Track your engagement metric on the customer level

In most cases, the goal is get customers to interact more and more with your brand and store.  Rather than tracking aggregate metrics we should track engagement metrics on the customer level and monitor how those customer-level numbers change over time.

A simplified retail example: Let’s assume our goal is to get customers purchasing more often.   Instead of focusing on the conversion rates of specific emails, we focus on the “purchase frequency” of each customer.  As we work on new retention marketing ideas, we can take snapshots of our customer set and inspect their purchase frequencies at different points in the year.  We hope to see that our marketing efforts are encouraging customers to purchase more often.

 

GROUP Q1 Q2 Q3 Q4
Weekly buyers 10% 11% 13% 13%
Monthly buyers 50% 45% 40% 40%
Quarterly buyers 30% 35% 38% 40%
Twice-a-year buyers 10% 9% 9% 7%

In this example, we see an increase in weekly buyers, which is great.  However, we also see that a lot of our Monthly buyers have turned into Quarterly buyers – not so great.   As we keep trying new ideas and refining our strategies, we want to keep an eye on this type of engagement metric to measure our success.

As mentioned above, purchase frequency is just one type of engagement metric.  However, it’s a great example of a concrete piece of engagement data that you can track on the individual customer level.  High-level brand engagement metrics are also valuable for numerous reasons, but it’s concrete individual-level data that helps the most for optimizing engagement.
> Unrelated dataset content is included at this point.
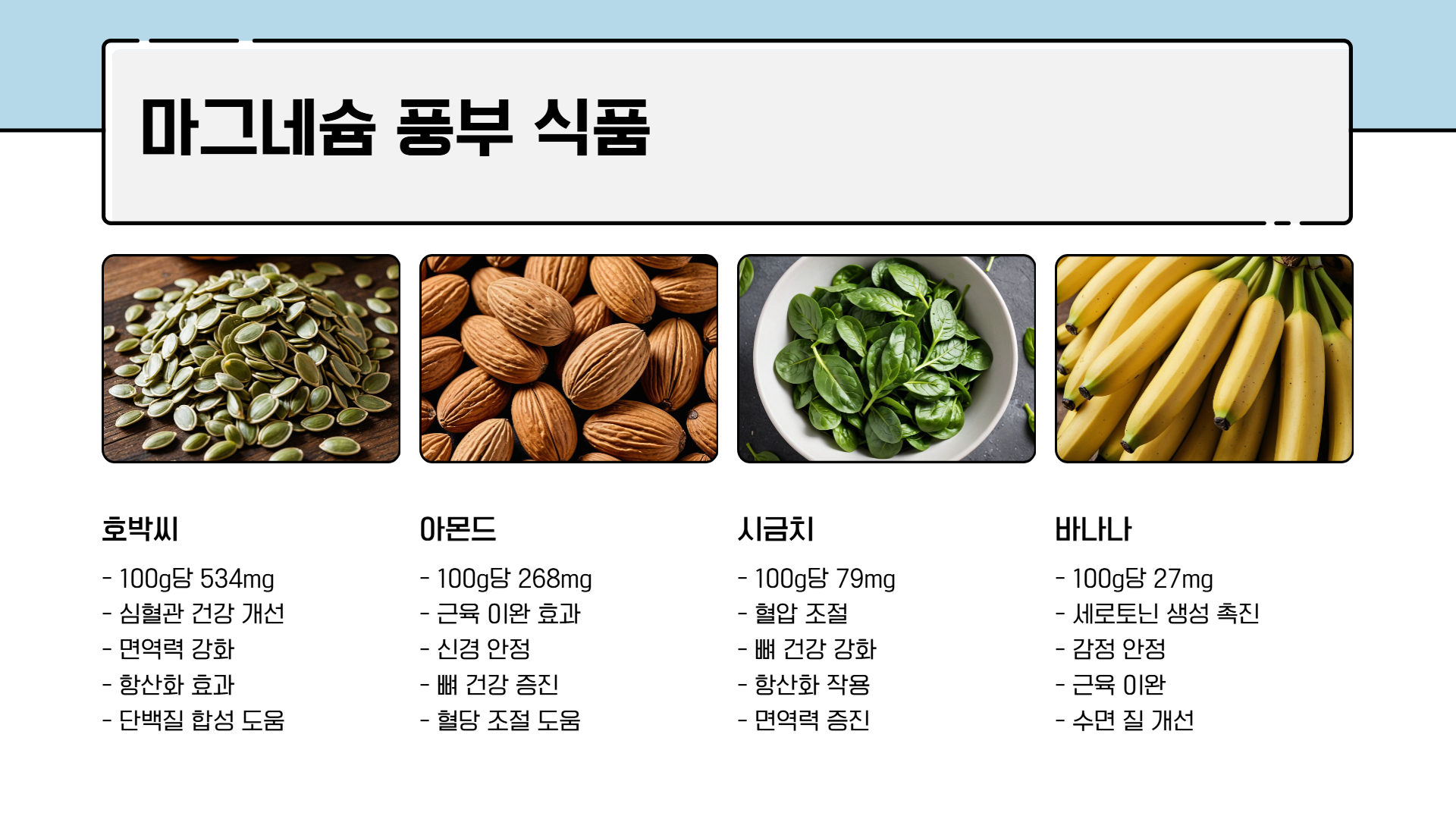 음식 마그네슘 함량(100g당) 기능 및 효과

Everything revolves around the Customer and the Customer Lifecycle

Our goal is to deliver a one-to-one engagement experience with each customer.  To reach that goal, we need to start thinking about each customer with a long-term mindset.  Every new customer is, in fact, a new relationship that we can build.

Every time we interact with a customer, we learn.  When a customer makes her first purchase, we gain loads of valuable insight.  The channel, campaign, creative, medium, promotion, and product purchased can be used to help us determine how to follow up.  We can continue to learn with each subsequent interaction.  As we watch a customer evolve, we can learn her purchase frequency and learn whether or not she has seasonal buying habits.  These bits of data are very valuable when we begin to think about personalizing content and promotions for each customer.

So how can we get there?  Marketing tools need to be integrated with data from CRM and customer analytics – this can be done in house, if you have a team for it, or with outside vendors.  The big first step is to put pieces in place so you can track engagement metrics and behavioral characteristics at the customer level.

Use Multiple Channels

Finally, all too often, we look at engagement metrics per channel. Customers very rarely purchase in a channel vacuum.  Email marketing, display retargeting, mobile phone notifications, adwords, social network advertisements – these are tools working for the same goal of connecting with your customer.  Experiment to understand how specific individual customers react to different channels.

Continue to test and refine results. Never feel comfortable with your program, because in the modern marketing landscape, personal preferences and behaviors can change as quickly as your products do.